- Knight, photographed in December 2008.
- Born: Graham Lawrence Knight 17 February 1949 Birmingham, England
- Died: 3 September 2009 (aged 60) Nottingham, England
- Career
- Station(s): BRMB, Blue Danube Radio, Radio Trent, BBC Radio Derby, BBC Radio 2

= Graham Knight (broadcaster) =

Graham Lawrence Knight (17 February 1949 - 3 September 2009) was a British broadcaster, journalist and author.

==Personal life==
Knight was born in Sorrento Maternity Hospital, Moseley, Birmingham, England. He died in Nottingham, England, survived by two children, Matthew and Paul and his wife Cherry.

He was an avid collector of autographed books, many of whom were of authors he'd interviewed. He also collected spectacles.

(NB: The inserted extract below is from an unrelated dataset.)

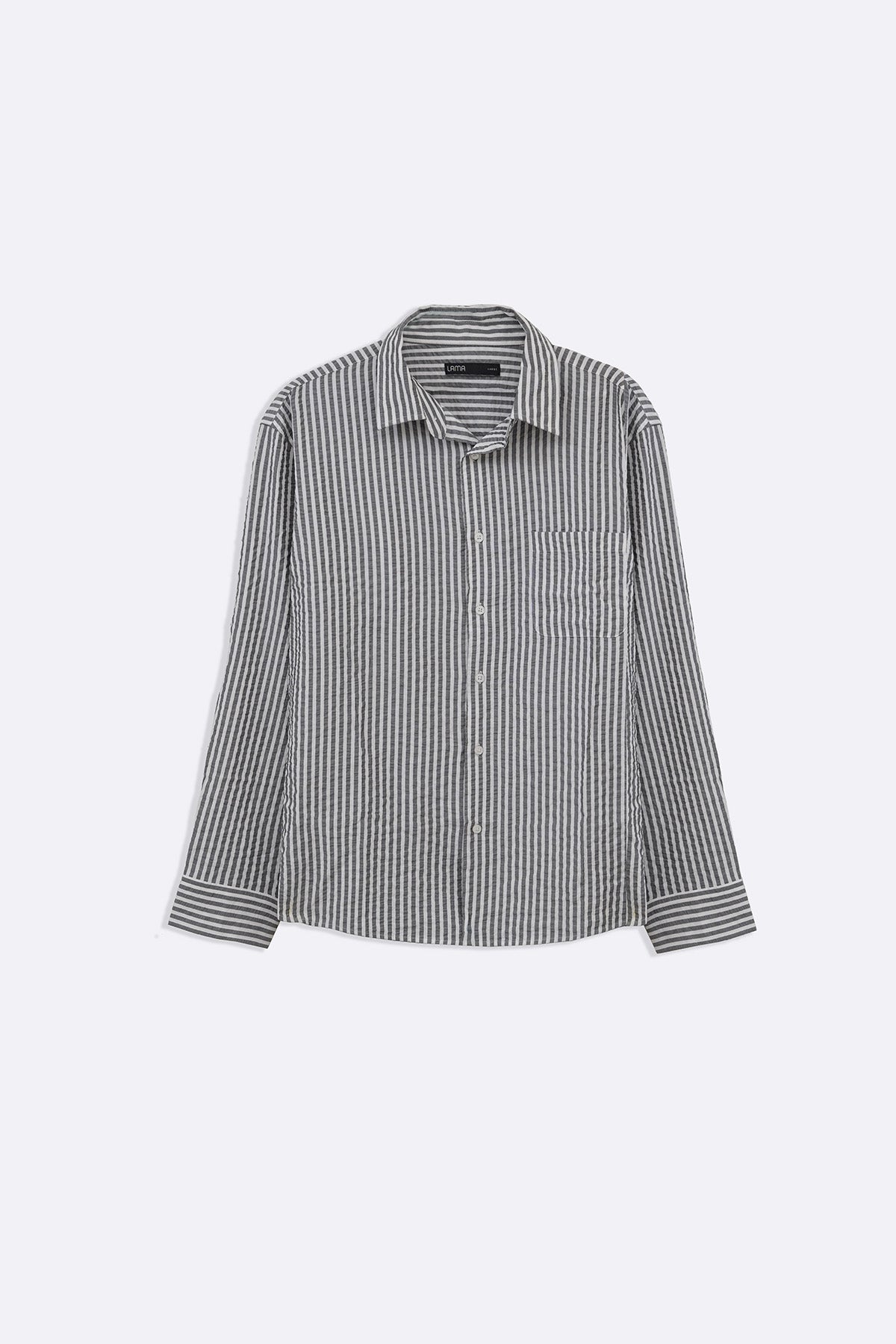 Design details: Striped seersucker button down shirt with a chest patch pocket, collar and full sleeves with cuffs.

In 1977, he joined the Nottingham Sports Car Club and was a commentator for their September Donington Park race meeting. He also sprinted a Mini at Curborough.

==Career==

===Cadbury's===
Before moving into journalism, Knight worked in the packaging team at Cadbury's in Bournville, where he met his wife.

===Radio===

====Hospital Radio====
Graham started his career in broadcasting by volunteering on hospital radio in Birmingham.

====Radio Trent====
After moving to Nottingham in the mid-1970s, Graham was one of the founder DJs on Nottingham's Radio Trent as it launched in July 1975, where he presented the Phone-in Show, 'Trent Talkback'. Other DJs included John Peters, Jeff Cooper, Kid Jensen and Guy Morris. Graham also had semi regular shows on the English speaking Austrian station Blue Danube Radio, as had his colleague at Trent, Dale Winton.

====BRMB Radio====
He returned home to Birmingham when he joined commercial station BRMB to present the evening show.

====BBC Radio Derby====
Graham joined BBC Radio Derby in 1983 and presented the mid-morning show for 14 years.

====BBC Radio 2====
Graham presented the Weekend Early Breakfast show on BBC Radio 2 for four years, between 1988 and the end of 1991.

===Retail===
From 2002 to his death, Graham owned and ran a specialist Tea, Coffee and Chocolate shop in Sherwood, Nottingham called 'General Store', selling a range of packed and loose teas and coffees, including his own blends, and unique imports such as 'Georgian Old Lady' and 'Georgian Old Gentleman'.

==Other organisations==
Graham had been a regional board member of the National Trust, and played a critical part in setting up the Derwent Valley Trust during its creation of the National Heritage Corridor in Derbyshire between 2001 and 2007 whilst studying for an MA in Conservation Management. He also helped establish a journalism section on the Amnesty International website and co-wrote the book Outings in the Peak District with Lindsay Porter.